[PROVIDED RECORDS Boundary: Start]
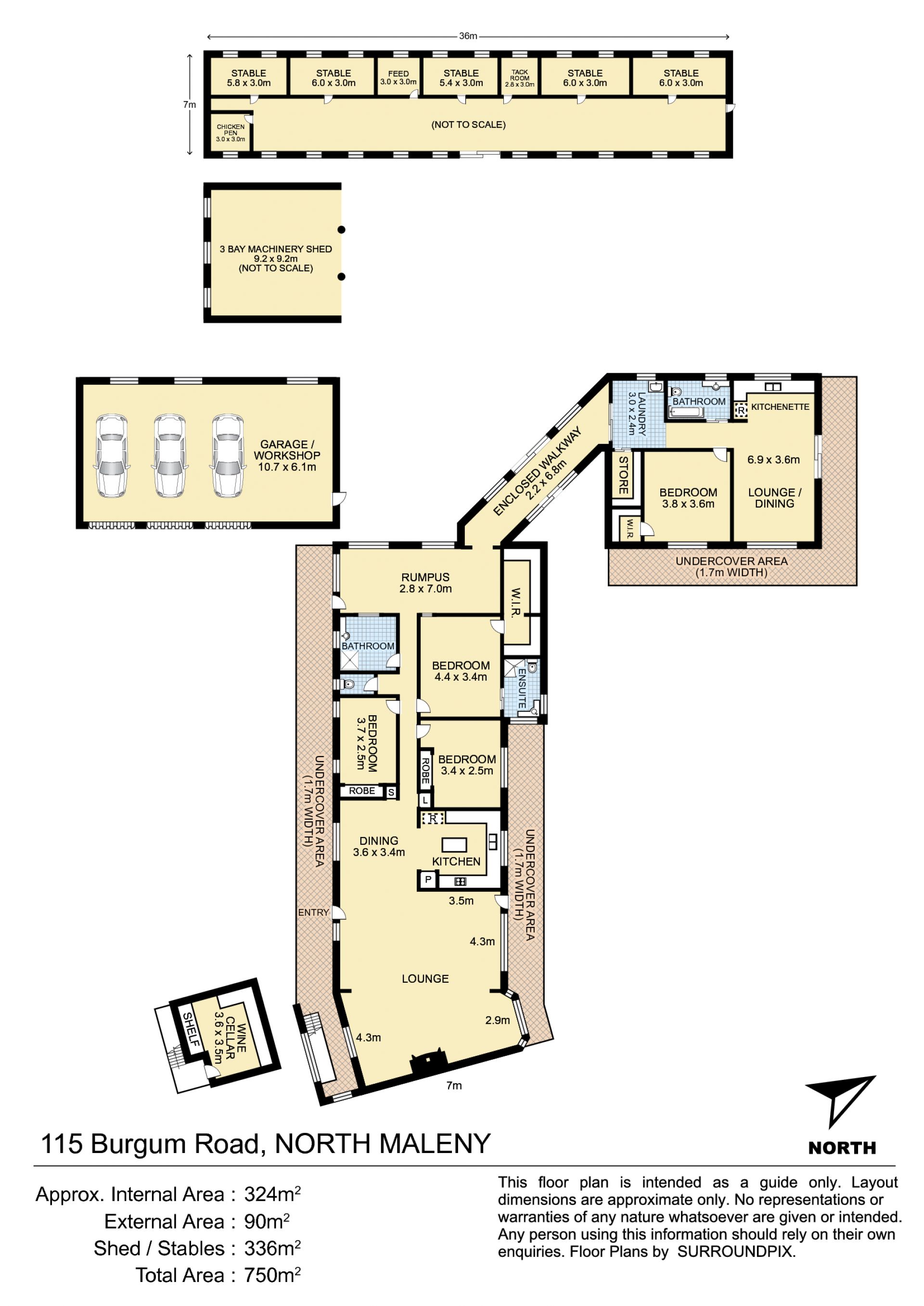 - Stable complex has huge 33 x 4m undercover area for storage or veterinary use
[PROVIDED RECORDS Boundary: End]
[PROVIDED RECORDS Boundary: Start]
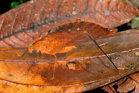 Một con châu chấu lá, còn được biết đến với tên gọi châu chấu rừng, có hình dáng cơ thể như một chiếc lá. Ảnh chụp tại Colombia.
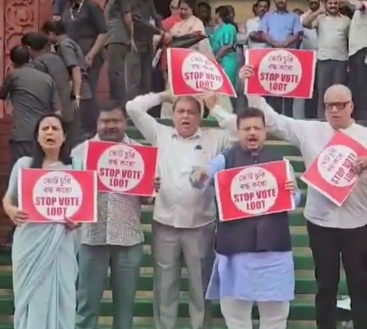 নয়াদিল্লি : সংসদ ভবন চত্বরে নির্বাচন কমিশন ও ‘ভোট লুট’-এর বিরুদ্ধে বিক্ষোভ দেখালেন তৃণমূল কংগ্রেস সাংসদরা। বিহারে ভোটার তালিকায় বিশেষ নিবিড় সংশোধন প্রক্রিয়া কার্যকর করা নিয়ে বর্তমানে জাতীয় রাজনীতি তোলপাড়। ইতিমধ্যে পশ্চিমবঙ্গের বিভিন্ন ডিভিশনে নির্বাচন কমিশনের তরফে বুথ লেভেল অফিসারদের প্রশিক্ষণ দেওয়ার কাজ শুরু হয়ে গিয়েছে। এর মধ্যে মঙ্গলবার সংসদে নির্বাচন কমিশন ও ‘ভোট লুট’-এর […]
[PROVIDED RECORDS Boundary: End]
[PROVIDED RECORDS Boundary: Start]
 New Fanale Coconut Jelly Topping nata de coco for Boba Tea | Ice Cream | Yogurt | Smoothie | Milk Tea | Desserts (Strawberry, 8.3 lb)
[PROVIDED RECORDS Boundary: End]
From the records above, transcribe only the stretch from the line with "Một con châu" through the line with "নয়াদিল্লি : সংসদ", keeping both ends. Omit pictures.

WRITTEN ANSWER:
 Một con châu chấu lá, còn được biết đến với tên gọi châu chấu rừng, có hình dáng cơ thể như một chiếc lá. Ảnh chụp tại Colombia.
 নয়াদিল্লি : সংসদ ভবন চত্বরে নির্বাচন কমিশন ও ‘ভোট লুট’-এর বিরুদ্ধে বিক্ষোভ দেখালেন তৃণমূল কংগ্রেস সাংসদরা। বিহারে ভোটার তালিকায় বিশেষ নিবিড় সংশোধন প্রক্রিয়া কার্যকর করা নিয়ে বর্তমানে জাতীয় রাজনীতি তোলপাড়। ইতিমধ্যে পশ্চিমবঙ্গের বিভিন্ন ডিভিশনে নির্বাচন কমিশনের তরফে বুথ লেভেল অফিসারদের প্রশিক্ষণ দেওয়ার কাজ শুরু হয়ে গিয়েছে। এর মধ্যে মঙ্গলবার সংসদে নির্বাচন কমিশন ও ‘ভোট লুট’-এর […]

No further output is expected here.